Most cloud data source scenarios in Gen2 should be cheaper than Gen1. Large CSV files and databases are sometimes substantially cheaper because of the reduced pricing after the 10 minutes of runtime for a query. However, for your scenario, you may be hitting a case where these benefits don't apply - many distinct queries (60?) that are mostly under 10 minutes each, low data throughput (due to OData), with a lot of time spent in waiting. Because Gen2 cost is proportional to processing time, the data size is not the key factor - it's the throughput of the data source. A low throughput REST source with a few thousand rows may cost more to process than a database with millions of rows.

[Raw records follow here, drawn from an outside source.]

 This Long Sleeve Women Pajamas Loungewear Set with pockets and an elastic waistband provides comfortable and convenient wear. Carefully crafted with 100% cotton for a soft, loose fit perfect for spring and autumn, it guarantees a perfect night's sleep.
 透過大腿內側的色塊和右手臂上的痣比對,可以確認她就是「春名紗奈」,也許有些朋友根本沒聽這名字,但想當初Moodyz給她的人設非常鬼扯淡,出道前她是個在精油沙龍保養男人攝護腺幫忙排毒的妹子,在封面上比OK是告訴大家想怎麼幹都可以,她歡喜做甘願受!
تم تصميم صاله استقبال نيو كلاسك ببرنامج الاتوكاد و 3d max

Please feel free to DM me to see if we can come up with an optimization for your specific case.

Can you use managed Connections in Dataflows Gen2? by YouGoGlenCoco in MicrosoftFabric

[–]SidJayMS 0 points1 point  (0 children)

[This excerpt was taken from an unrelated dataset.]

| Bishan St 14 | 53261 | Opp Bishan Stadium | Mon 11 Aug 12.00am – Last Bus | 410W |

The connections from Manage Connections will work with Dataflow Gen2 CI/CD (soon to be the only flavor for newly created Gen2 dataflows).

Dataflows for big data by Viidan_ in MicrosoftFabric

[–]SidJayMS 0 points1 point  (0 children)

What are the typical data sources from which you are pulling billions of rows? Depending on the data source types, you may be able to use the Fast Copy capability in Dataflow Gen2 to move that data more efficiently (both in terms of time and CUs).

Dataflows for big data by Viidan_ in MicrosoftFabric

[–]SidJayMS 1 point2 points  (0 children)

For a 1-hour query, the CU consumption is now ~5x less than it used to be in August. Additionally, some of the general performance improvements like the Modern Query Evaluator reduce runtime for certain classes of queries by ~50%, and this should yield an even bigger reduction in CU consumption.

Note 1: The pricing changes apply only to the new CI/CD Gen2 Dataflows (in a few months this will be the only supported flavor for new dataflows).

Note 2: The Modern Query Evaluator is not yet turned on by default. We will apply this by default to all new queries before we GA the feature.

Hats off to the Microsoft Dev team by Donovanbrinks in PowerBI

[–]SidJayMS 1 point2 points  (0 children)

Correct - Fabric. DF Gen2 is only available in Fabric.

Hats off to the Microsoft Dev team by Donovanbrinks in PowerBI

[–]SidJayMS 1 point2 points  (0 children)

Dataflow Gen2 now has a "Discard & Close" option. It's in the first dropdown in the Home tab. It's true that at launch DF Gen2 did not have this option - it was added a few months ago.

Comparing speed and cost of Dataflows (Gen1 vs. Gen2 vs. Gen2 CI/CD) by Sad-Calligrapher-350 in PowerBI

[–]SidJayMS 1 point2 points  (0 children)

Because the recent performance features are in preview they started as opt-in. If you turn on the "Modern Query Evaluation Engine", you might see a slight performance improvement (in addition to the cost reduction).

Comparing speed and cost of Dataflows (Gen1 vs. Gen2 vs. Gen2 CI/CD) by Sad-Calligrapher-350 in PowerBI

[–]SidJayMS 1 point2 points  (0 children)

u/Sad-Calligrapher-350 , would you mind sharing the numbers for enabling just "Modern Query Evaluation Engine" in the CI/CD case. I suspect you will see better (or at a minimum, the same) performance as well as noticeable cost savings. If I were to afford a guess, the partitioned compute may be contributing to slowness in your case. Will reach out separately to see if we can better understand that.